Your task
Please make an exact copy of the lines from the one holding "当前位置:四川招投标网 -> 招标公告" through the end of the data, both ends included, with no pictures.

Exercise data
-- -- --
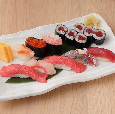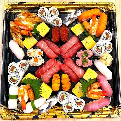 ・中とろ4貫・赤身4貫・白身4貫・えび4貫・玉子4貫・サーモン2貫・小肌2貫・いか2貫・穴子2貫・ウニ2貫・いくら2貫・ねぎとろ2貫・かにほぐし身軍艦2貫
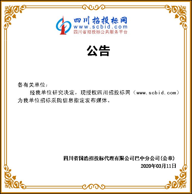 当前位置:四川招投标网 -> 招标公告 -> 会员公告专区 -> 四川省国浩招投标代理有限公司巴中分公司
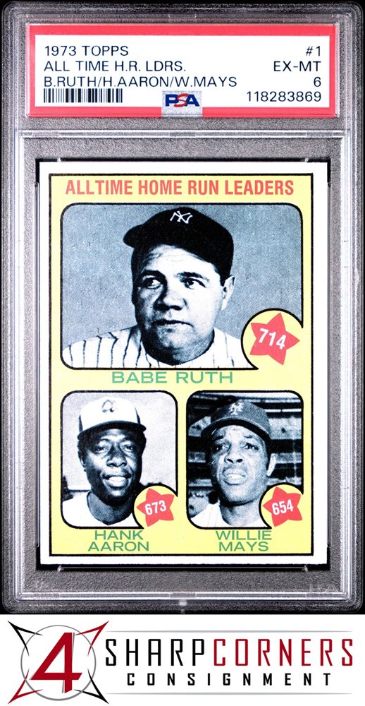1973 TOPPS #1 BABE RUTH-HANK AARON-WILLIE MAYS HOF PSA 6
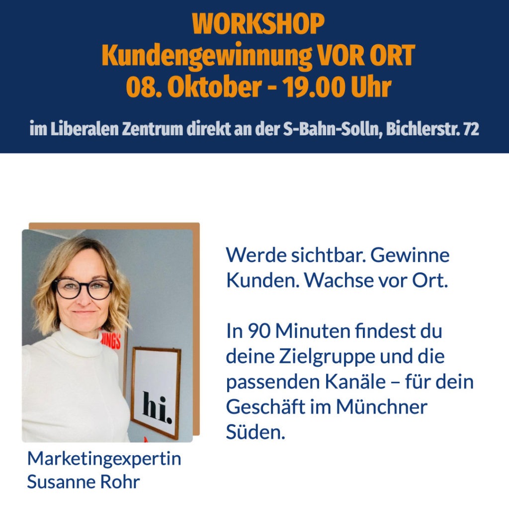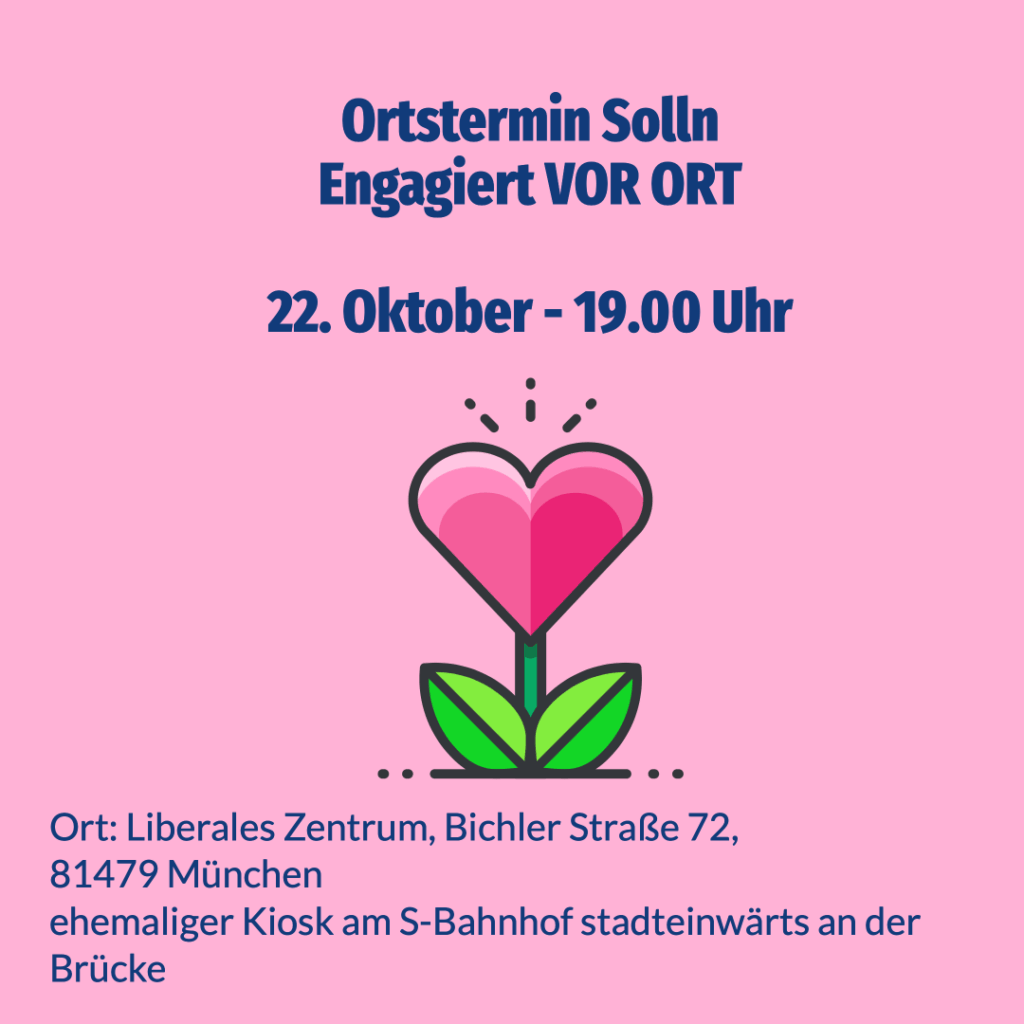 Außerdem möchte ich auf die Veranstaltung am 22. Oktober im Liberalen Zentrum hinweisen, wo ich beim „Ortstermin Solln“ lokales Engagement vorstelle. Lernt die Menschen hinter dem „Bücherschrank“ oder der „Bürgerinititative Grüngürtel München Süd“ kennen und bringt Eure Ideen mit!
-- -- --
Written answer
 当前位置:四川招投标网 -> 招标公告 -> 会员公告专区 -> 四川省国浩招投标代理有限公司巴中分公司
1973 TOPPS #1 BABE RUTH-HANK AARON-WILLIE MAYS HOF PSA 6
 Außerdem möchte ich auf die Veranstaltung am 22. Oktober im Liberalen Zentrum hinweisen, wo ich beim „Ortstermin Solln“ lokales Engagement vorstelle. Lernt die Menschen hinter dem „Bücherschrank“ oder der „Bürgerinititative Grüngürtel München Süd“ kennen und bringt Eure Ideen mit!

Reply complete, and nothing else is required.